All that should be output is the block of lines below from the line with "期待与大家早日面对面。在此之" to the line with "أقر مجلس النيابة", both included, exactly as written.

#### EXTRACTED RECORDS ####

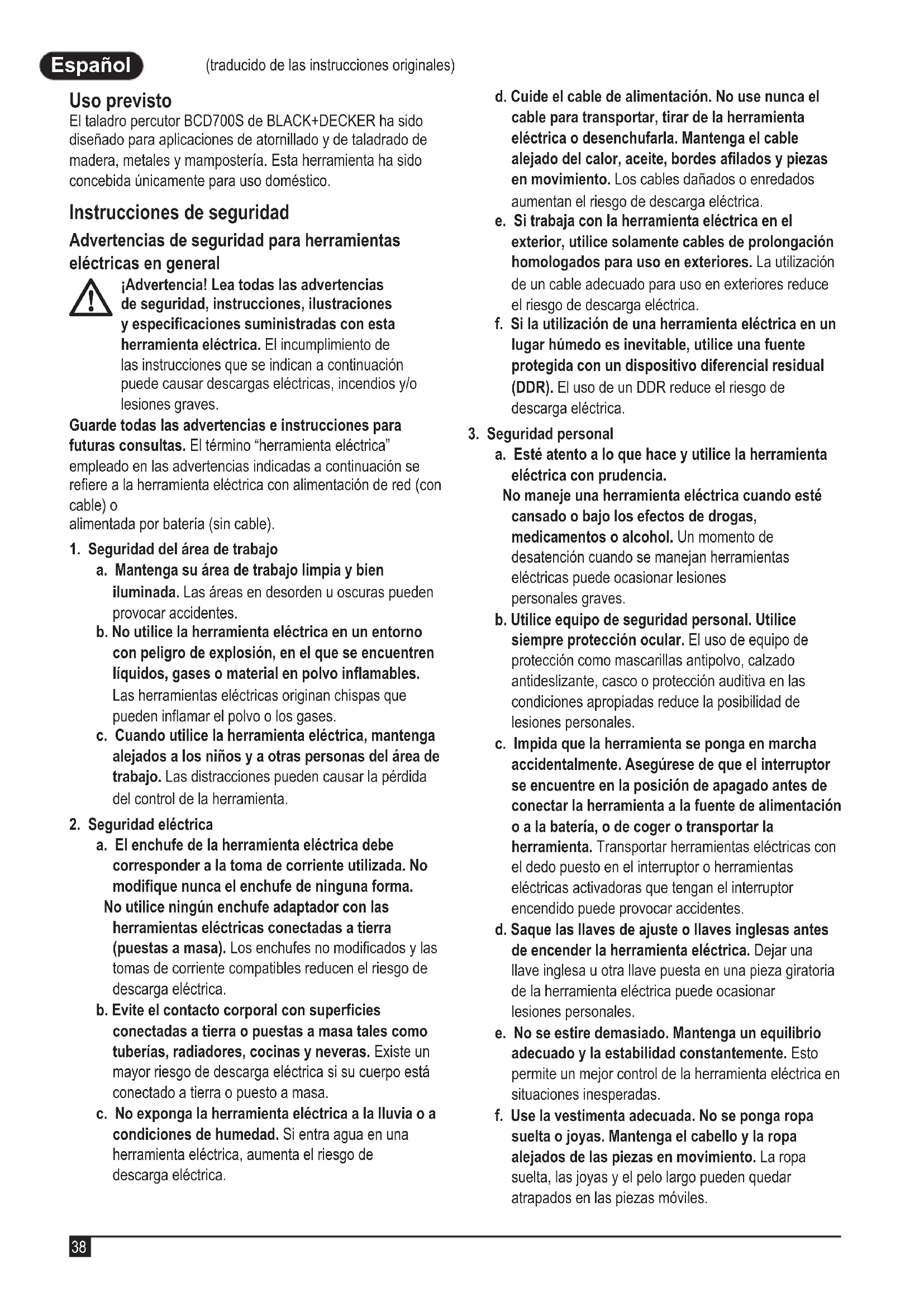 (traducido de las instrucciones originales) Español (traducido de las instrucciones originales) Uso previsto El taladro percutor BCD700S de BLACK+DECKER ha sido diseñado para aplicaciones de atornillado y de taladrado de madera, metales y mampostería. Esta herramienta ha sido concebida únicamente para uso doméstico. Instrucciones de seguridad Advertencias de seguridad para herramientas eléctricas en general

####
#### EXTRACTED RECORDS ####

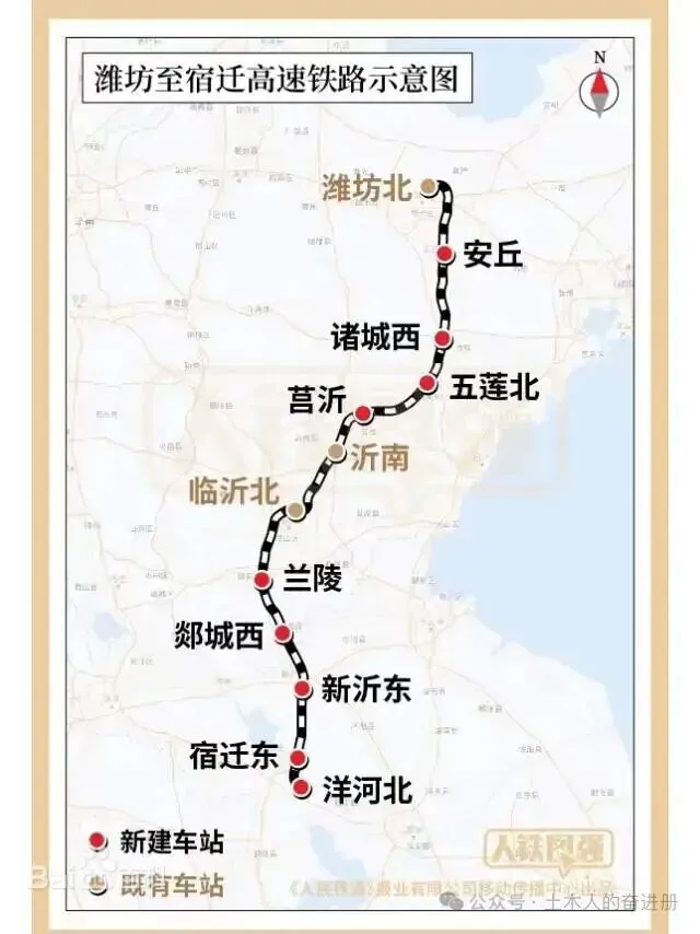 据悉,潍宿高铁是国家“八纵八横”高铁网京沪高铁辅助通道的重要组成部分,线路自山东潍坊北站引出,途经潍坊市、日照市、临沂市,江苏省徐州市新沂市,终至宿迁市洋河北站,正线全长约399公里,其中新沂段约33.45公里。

####
#### EXTRACTED RECORDS ####

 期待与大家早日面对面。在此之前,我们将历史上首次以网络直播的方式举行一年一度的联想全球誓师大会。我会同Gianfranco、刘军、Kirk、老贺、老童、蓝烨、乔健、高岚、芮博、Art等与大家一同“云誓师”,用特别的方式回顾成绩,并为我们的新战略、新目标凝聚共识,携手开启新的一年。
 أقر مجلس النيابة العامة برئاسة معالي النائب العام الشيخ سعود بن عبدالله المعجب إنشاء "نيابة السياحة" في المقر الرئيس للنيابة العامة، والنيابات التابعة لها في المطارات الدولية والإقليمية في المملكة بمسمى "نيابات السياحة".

####

### WRITTEN ANSWER
 期待与大家早日面对面。在此之前,我们将历史上首次以网络直播的方式举行一年一度的联想全球誓师大会。我会同Gianfranco、刘军、Kirk、老贺、老童、蓝烨、乔健、高岚、芮博、Art等与大家一同“云誓师”,用特别的方式回顾成绩,并为我们的新战略、新目标凝聚共识,携手开启新的一年。
 أقر مجلس النيابة العامة برئاسة معالي النائب العام الشيخ سعود بن عبدالله المعجب إنشاء "نيابة السياحة" في المقر الرئيس للنيابة العامة، والنيابات التابعة لها في المطارات الدولية والإقليمية في المملكة بمسمى "نيابات السياحة".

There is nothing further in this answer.